**What you should do:** Please, without any pictures, set down exactly the part of the listing below that opens with the line containing "Gratitude Poster for" and closes with the line containing "Verwende das Hotspot".

**Working data:**
■ ■ ■ ■ ■
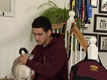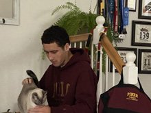 Ryder PicsOctober 24, 2025Katana gets on Ryder's lap like clockwork every morning when he is putting on his shoes and trying to leave for school...lol.
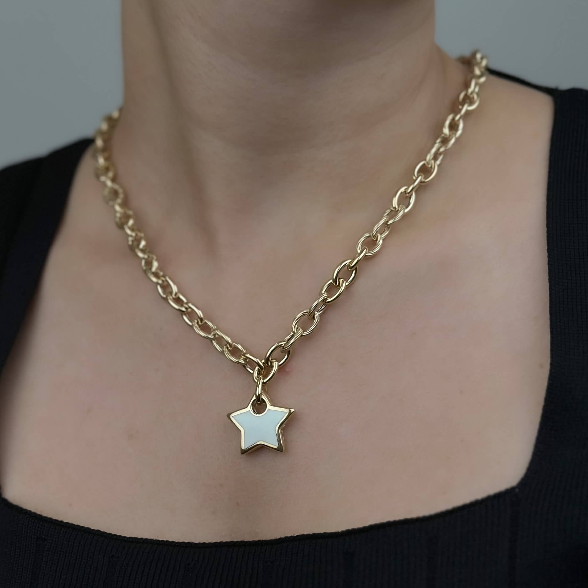 14 Ayar Altın Mineli Yıldız Kolye – Mine Taşlı Şık Model
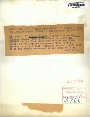 PEDRO TORRES, ACCOMPANIED BY MRS. TORRES LEAVES PENN STATION SHORTLY AFTER HIS ARRIVAL IN NY FOR D.C., WHERE, HE WILL DISCUSS WITH PRES ROOSEVELT ECONOMIC QUESTIONS.
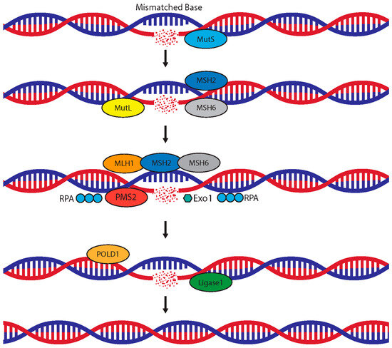 DNA mismatch repair is an important mechanism to eliminate base mismatches and deletions/insertions that could appear during DNA replication and maintain genomic stability. Impairments in the process within microsatellite regions will lead to microsatellite instability and mutations. MSH2, mutS homolog 2, and MSH6, mutS homolog 6, are tumor suppressors, working in DNA mismatch repair. The encoded protein of MLH1, mutL homolog 1, heterodimerizes with mismatch repair endonuclease PMS2 to form MutL. Other proteins involved in MMR are replication protein A, Exonuclease 1, DNA polymerase delta, and DNA ligase 1. The presumed schematic diagram for MMR is presented in Figure 3.
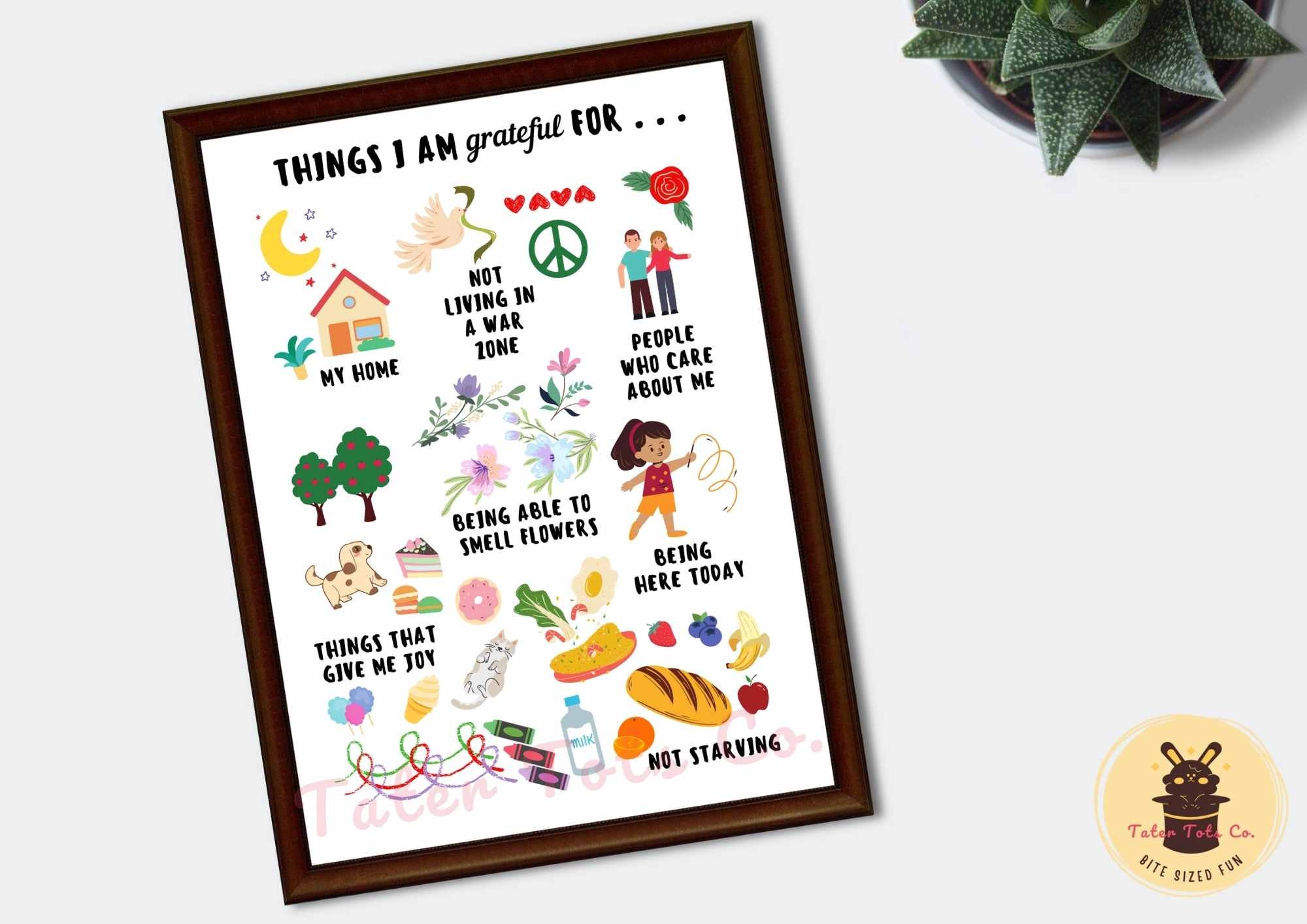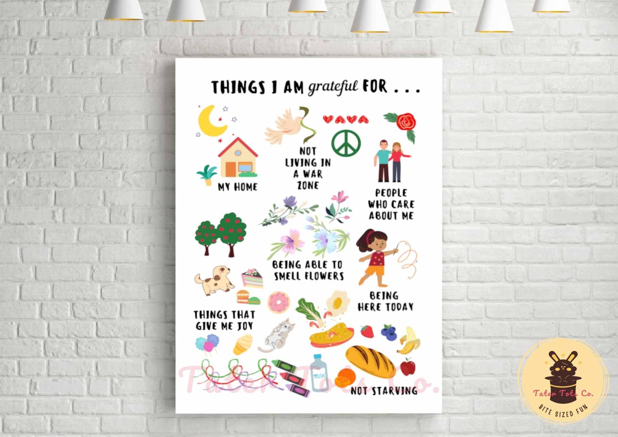 Gratitude Poster for Kids: Positive Affirmations, Playroom Decor (PDF)
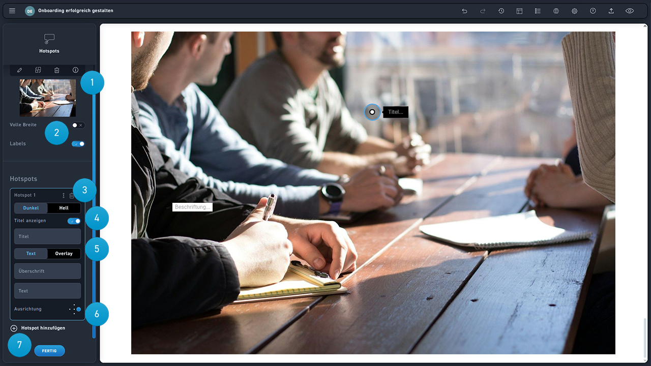 Verwende das Hotspot Element, wenn du ein Bild verwenden möchtest, das detaillierte Erklärungen an bestimmten Stellen benötigt (z. B. Situationen mit mehreren Personen, Produktanatomie oder Lagepläne, Diagramme, komplexe Infografiken oder Screenshots). Nutze Hotspots, wenn du komplexe visuelle Inhalte erklären möchtest.
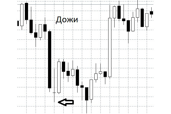 Дожи – это свеча с одинаковыми ценами открытия и закрытия. Обычный дожи похож на крестик. Свеча дожи демонстрирует нерешительность рынка и сигнализирует о возможном развороте рынка. Модель эта важна только на том рынке, где встречается редко. Не стоит обращать на нее внимание на пятиминутных графиках.
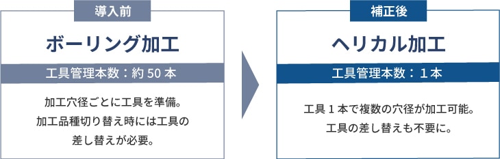 従来、高精度な穴加工ではボーリング工具を使用していましたが、穴径ごとに工具を用意する必要がありました。NCデータの補正により、ヘリカル加工でも高精度な穴を加工可能になり、加工品種切換えに伴う工具の差し替えや調整が不要になります。また、補正により精度を維持したまま速度を向上可能なため、ヘリカル加工時間の短縮も見込めます。
■ ■ ■ ■ ■
**Solution for this task:**
 Gratitude Poster for Kids: Positive Affirmations, Playroom Decor (PDF)
 Verwende das Hotspot Element, wenn du ein Bild verwenden möchtest, das detaillierte Erklärungen an bestimmten Stellen benötigt (z. B. Situationen mit mehreren Personen, Produktanatomie oder Lagepläne, Diagramme, komplexe Infografiken oder Screenshots). Nutze Hotspots, wenn du komplexe visuelle Inhalte erklären möchtest.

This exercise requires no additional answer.